What the task asks:
Only the lines below from the one with "Before deploying any" through the one with "Die Welt flimmert" are to be written out, exactly and without any images.

Data extract:
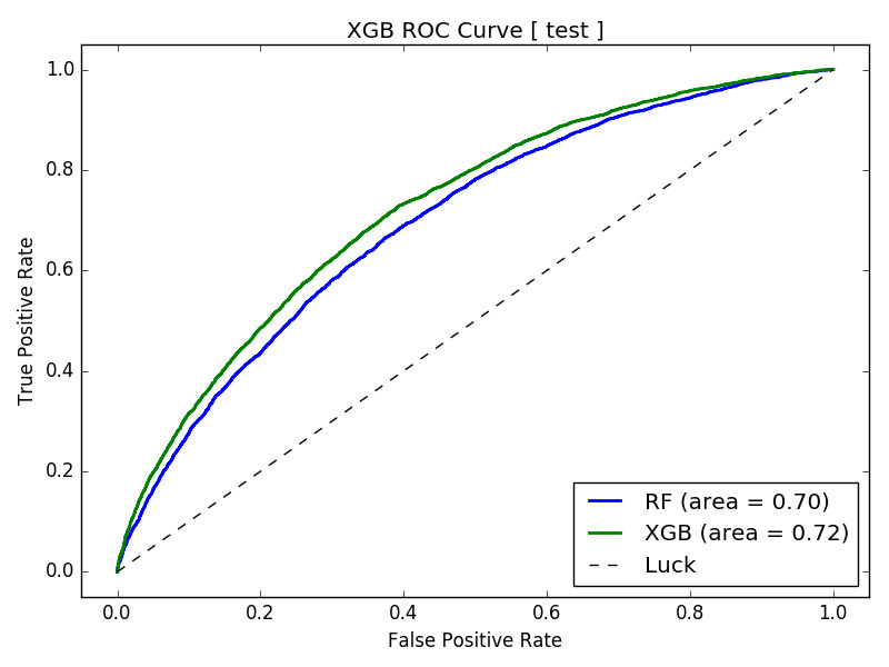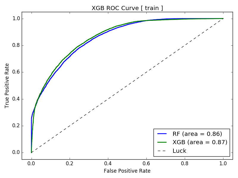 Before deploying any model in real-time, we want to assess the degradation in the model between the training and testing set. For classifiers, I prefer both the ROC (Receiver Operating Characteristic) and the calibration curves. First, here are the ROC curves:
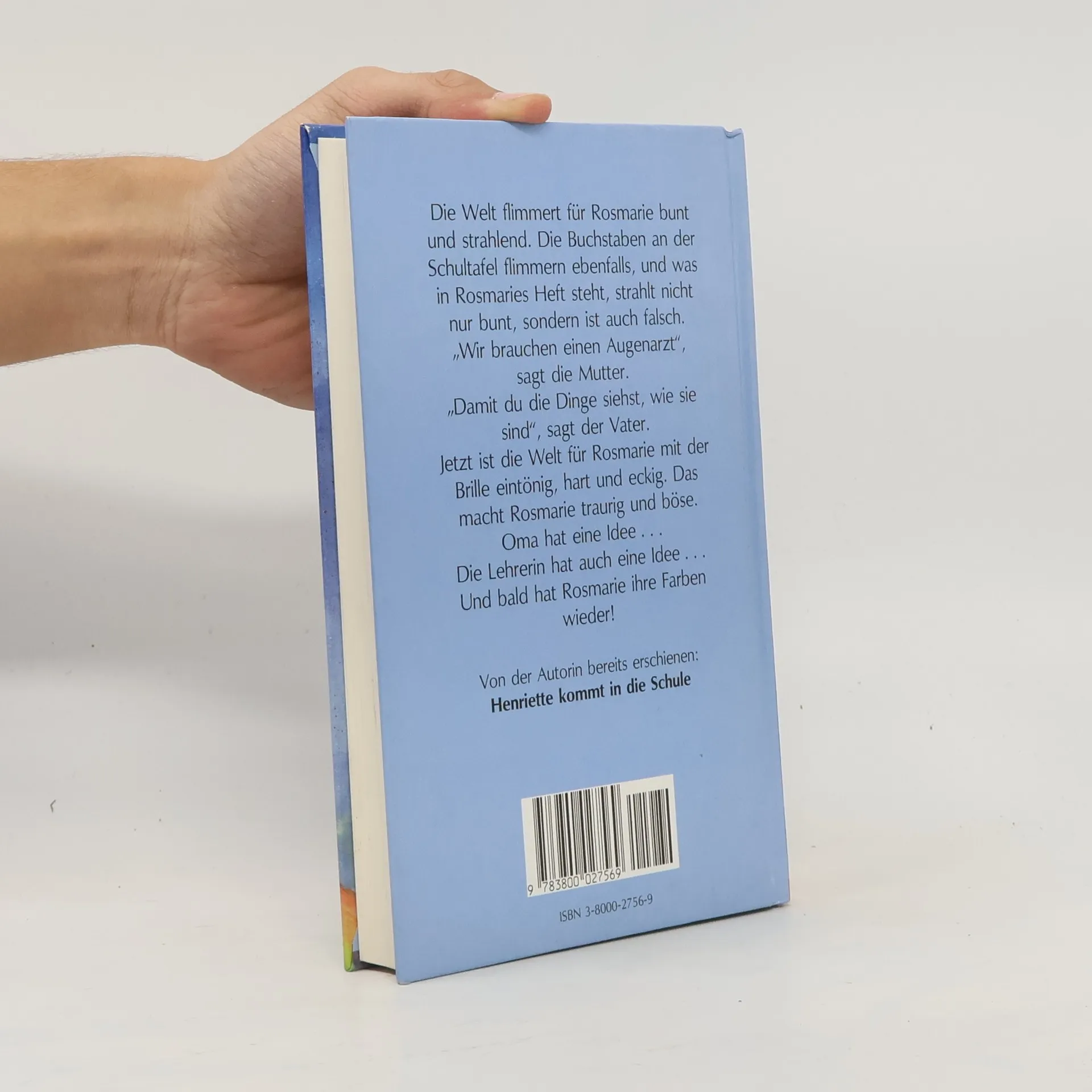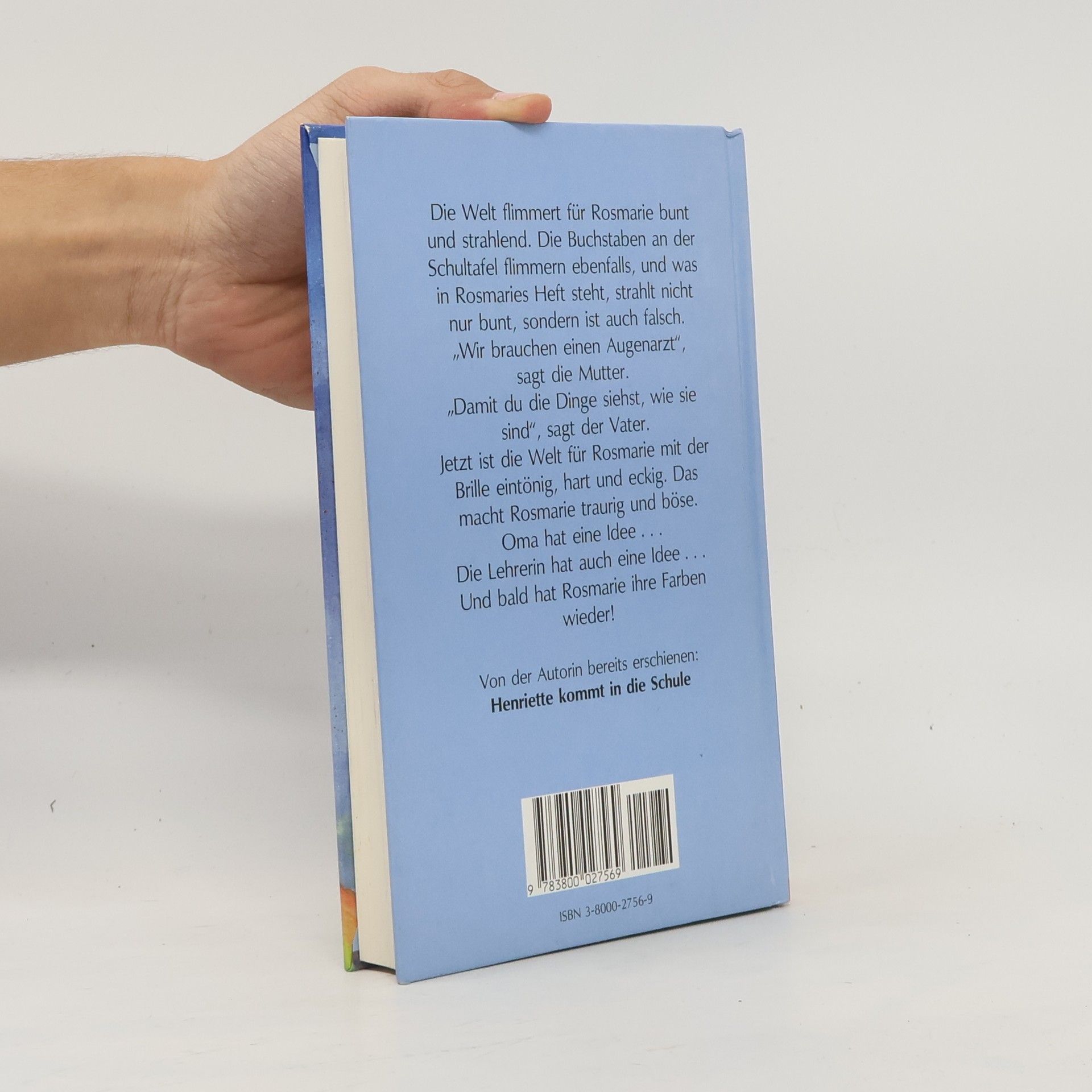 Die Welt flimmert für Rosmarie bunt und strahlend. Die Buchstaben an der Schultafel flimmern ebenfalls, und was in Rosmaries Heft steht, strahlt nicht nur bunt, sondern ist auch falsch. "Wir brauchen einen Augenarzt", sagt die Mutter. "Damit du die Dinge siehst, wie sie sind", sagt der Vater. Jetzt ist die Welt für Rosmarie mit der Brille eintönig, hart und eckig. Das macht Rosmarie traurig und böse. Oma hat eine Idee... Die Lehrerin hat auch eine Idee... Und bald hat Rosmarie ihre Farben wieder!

...

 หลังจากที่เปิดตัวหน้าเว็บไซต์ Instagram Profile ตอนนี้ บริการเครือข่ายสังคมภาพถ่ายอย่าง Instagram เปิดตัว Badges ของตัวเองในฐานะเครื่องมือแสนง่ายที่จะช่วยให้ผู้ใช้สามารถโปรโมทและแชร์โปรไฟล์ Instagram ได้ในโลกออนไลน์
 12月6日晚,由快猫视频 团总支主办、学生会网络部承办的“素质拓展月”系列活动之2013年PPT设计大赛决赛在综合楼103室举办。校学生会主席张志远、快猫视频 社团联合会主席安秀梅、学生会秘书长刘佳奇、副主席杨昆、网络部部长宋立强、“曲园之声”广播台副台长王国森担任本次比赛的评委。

--

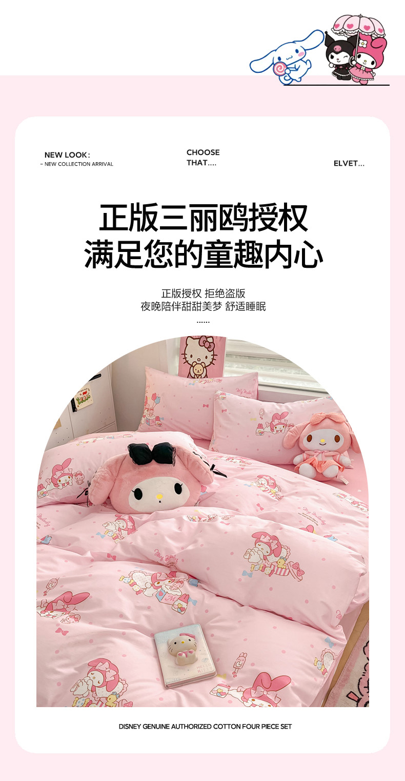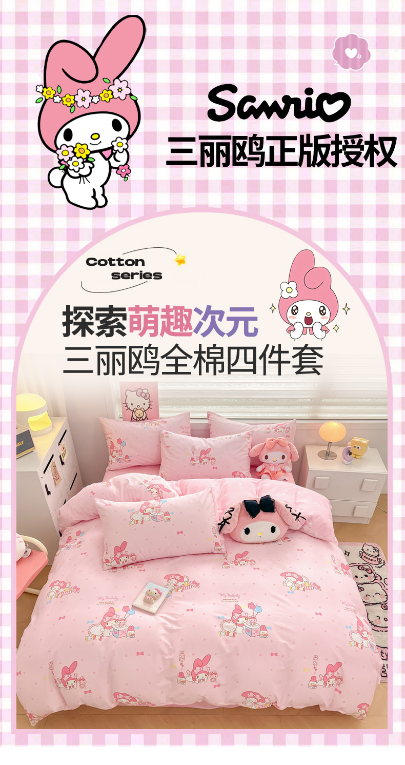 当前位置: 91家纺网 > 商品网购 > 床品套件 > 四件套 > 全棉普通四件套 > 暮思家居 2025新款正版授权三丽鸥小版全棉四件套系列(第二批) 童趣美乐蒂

Response:
 Before deploying any model in real-time, we want to assess the degradation in the model between the training and testing set. For classifiers, I prefer both the ROC (Receiver Operating Characteristic) and the calibration curves. First, here are the ROC curves:
 Die Welt flimmert für Rosmarie bunt und strahlend. Die Buchstaben an der Schultafel flimmern ebenfalls, und was in Rosmaries Heft steht, strahlt nicht nur bunt, sondern ist auch falsch. "Wir brauchen einen Augenarzt", sagt die Mutter. "Damit du die Dinge siehst, wie sie sind", sagt der Vater. Jetzt ist die Welt für Rosmarie mit der Brille eintönig, hart und eckig. Das macht Rosmarie traurig und böse. Oma hat eine Idee... Die Lehrerin hat auch eine Idee... Und bald hat Rosmarie ihre Farben wieder!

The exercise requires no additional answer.